The development environment for the Advanced Data Analysis Toolkit is designed to ensure consistency, ease of use, and scalability. Below are the key components and tools used in the development process:

The project uses uv for package management, which provides:

• Isolated Environments: Each project has its own virtual environment to avoid dependency conflicts.
• Dependency Caching: Speeds up installation by caching dependencies.
• Reproducible Builds: Ensures that the same dependencies are installed across different environments.

The project includes a .devcontainer configuration, which provides:

• Pre-installed Dependencies: Ensures all required libraries and tools are available.
• Docker-based Isolation: Guarantees a consistent environment across different machines.
• Simplified Onboarding: New contributors can quickly set up their environment.

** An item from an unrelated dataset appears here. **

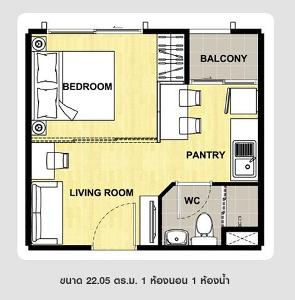ขนาดพื้นที่ 22.0 ตารางเมตร

The justfile is used for task automation, allowing developers to run common tasks such as linting, testing, and serving the application with simple commands. This streamlines the development workflow and reduces the potential for errors. The available commands were detailed in the "Usage" section above.

The Dockerfile defines a multi-stage build process:

• Builder Stage:
  • Uses the uv image for dependency management and bytecode compilation.
  • Installs necessary system dependencies like libcairo2 and graphviz.
  • Caches dependencies for faster builds.
• Runtime Stage:
  • Uses a slim Python image for a lightweight runtime environment.
  • Copies the application and dependencies from the builder stage.
  • Exposes port 8000 for the application.

• ruff: Ensures code adheres to style guidelines.
• black: Automatically formats code for consistency.
• mypy: Performs static type checking.
• vulture: Identifies unused code.
• pip-audit: Checks for vulnerabilities in dependencies.

• Git Hooks: Pre-commit hooks are used for linting and testing.
• Pull Requests: All changes are introduced via pull requests, requiring approval from at least one other team member.
• Copilot Auto-Reviews: GitHub Copilot is configured to provide automated code reviews, assisting in maintaining code quality and consistency.